▶ Dataset content
+--

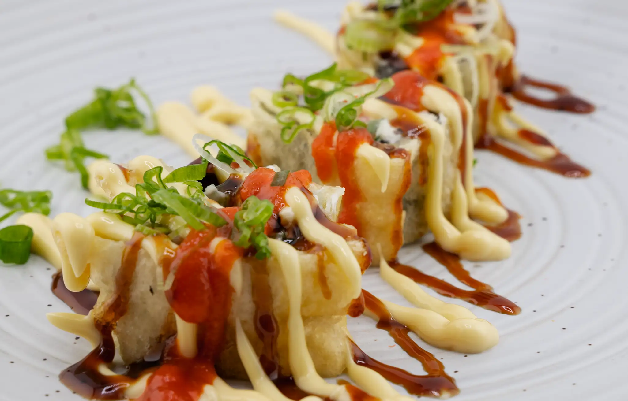 Kani, jalapeño, and cream cheese tempura fried topped with sriracha, scallions, and Japanese mayo.
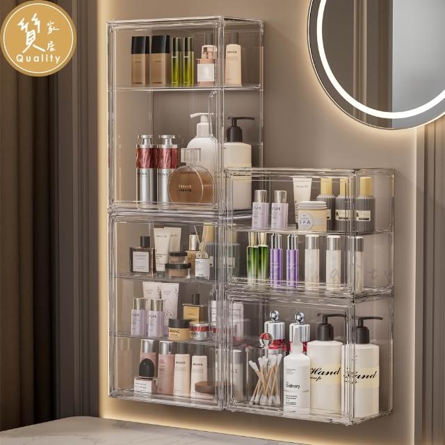 質。家居 壁掛透明收納盒 公仔盒 多功能收納盒 浴室壁掛盒 壁掛置物架 化妝品收納 保養品收納 壁掛桌面兩用 可疊收納盒
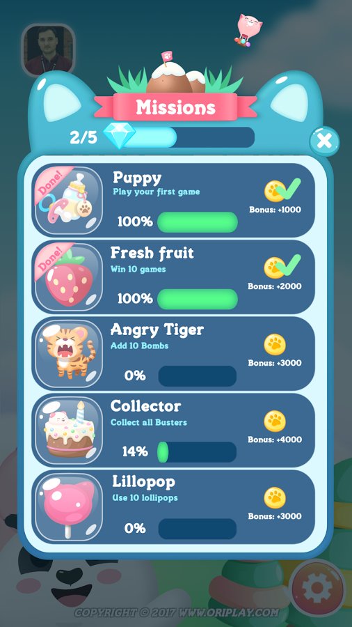 Cutie Paws - Oriplay Match 3 Game – an exciting game of the genre three in a row for Android. In this game your task is to shoot cute animals and destroy the rows of faces. In this game you will see field on which there are a variety of animal faces and your task is to blow them up. Create as long rows of animals and destroy them, thus getting as many points as possible. Use various bonuses and power-UPS and solve challenging puzzles in this game. Play this game and get maximum pleasure from the bright graphics, nice music and cute animals.
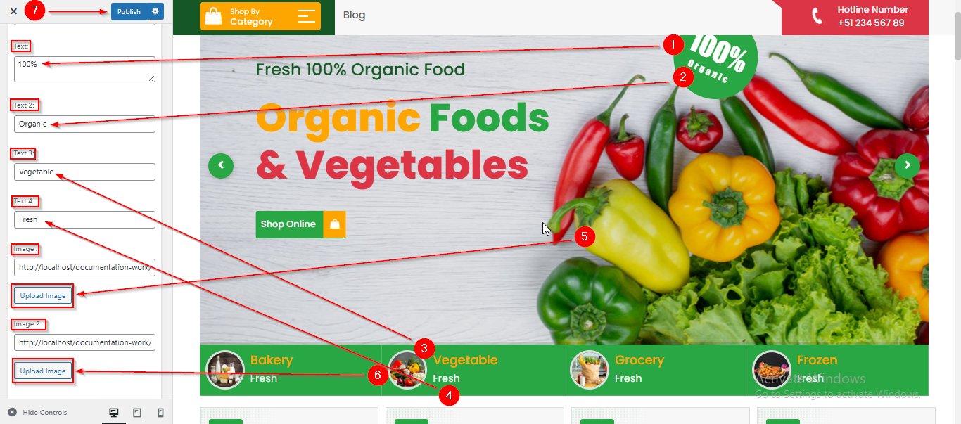 To manage the Text , Text 2 , Text 3 , Text 4 and Image in Slider Section, follow these steps:
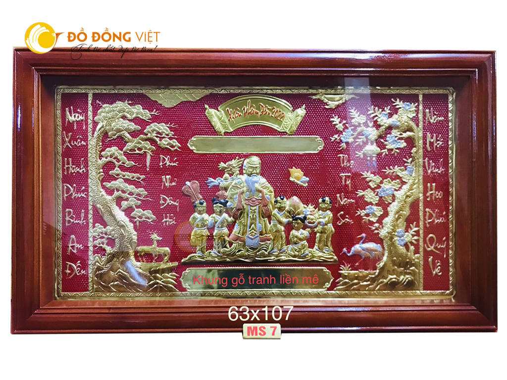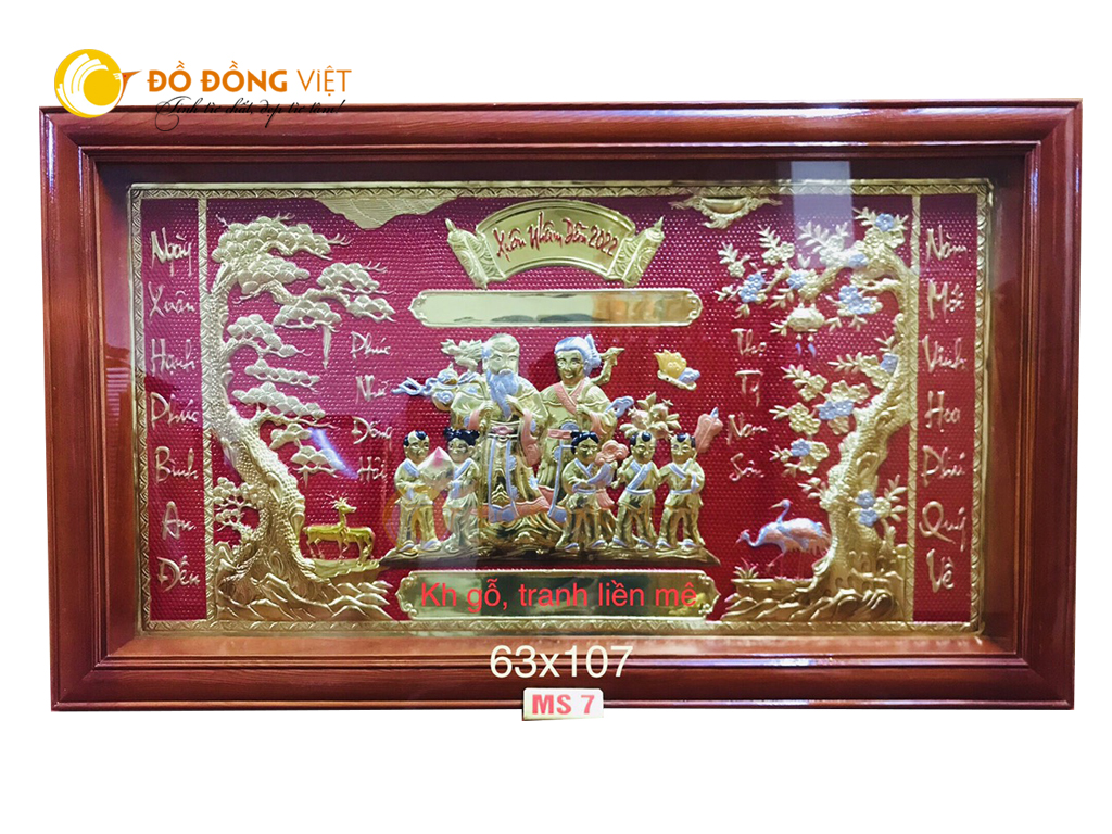 Đồ đồng Việt ra mắt mẫu sản phẩm tranh mừng thọ đẹp nhất, rẻ nhất. Kích thước 63X107cm chất liệu khung gỗ, chi tiết đồng liền mê đẹp tinh xảo. Mẫu tranh mừng thọ cụ bà là mẫu tranh mừng thọ đẹp nhất. Giá bán rẻ tại xưởng sản xuất.
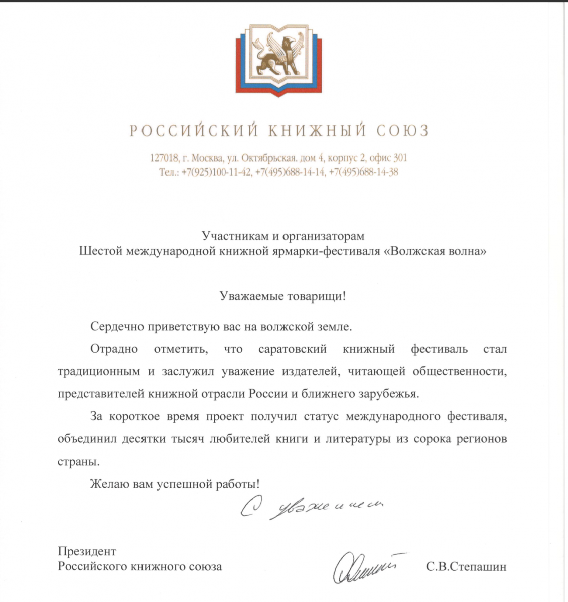 Сергей Степашин направил приветствие участникам и организаторам VI Международной книжной ярмарки-фестиваля «Волжская волна»
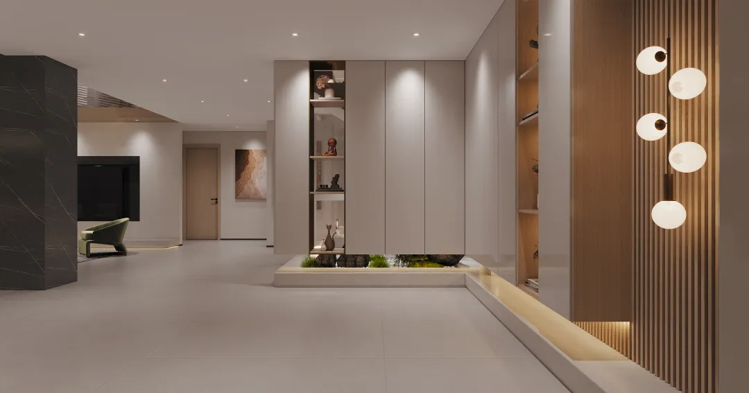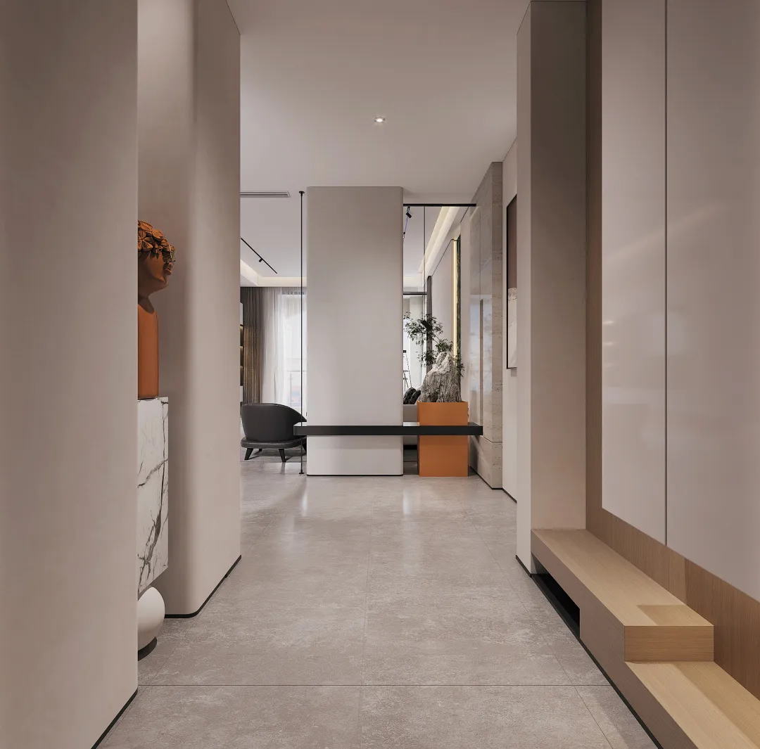 从大门进来,入户处简单大方的线条奠定房子自然且舒适的设计基调,靠墙摆放的雕塑,为角落空间增添一丝艺术氛围,整体而言就是简约典雅。
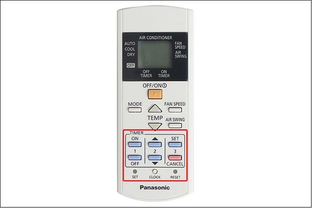 Trên điều khiển, ở hình ảnh minh họa của chúng ta là điều khiển của máy lạnh Panasonic, chú ý vào khu vực Timer. Để hẹn giờ bật máy:
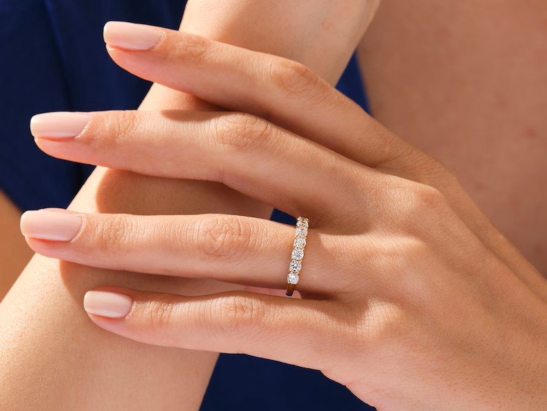 14K Solid Gold Baguette Half-Eternity Wedding Ring Halfway Natural Diamond Bridal Ring

+--

▶ Your objective
Nothing but the lines from the one holding "Сергей Степашин направил" through the last line of the entries should be written out, exactly and inclusively, minus the pictures.

▶ Response box
 Сергей Степашин направил приветствие участникам и организаторам VI Международной книжной ярмарки-фестиваля «Волжская волна»
 从大门进来,入户处简单大方的线条奠定房子自然且舒适的设计基调,靠墙摆放的雕塑,为角落空间增添一丝艺术氛围,整体而言就是简约典雅。
 Trên điều khiển, ở hình ảnh minh họa của chúng ta là điều khiển của máy lạnh Panasonic, chú ý vào khu vực Timer. Để hẹn giờ bật máy:
 14K Solid Gold Baguette Half-Eternity Wedding Ring Halfway Natural Diamond Bridal Ring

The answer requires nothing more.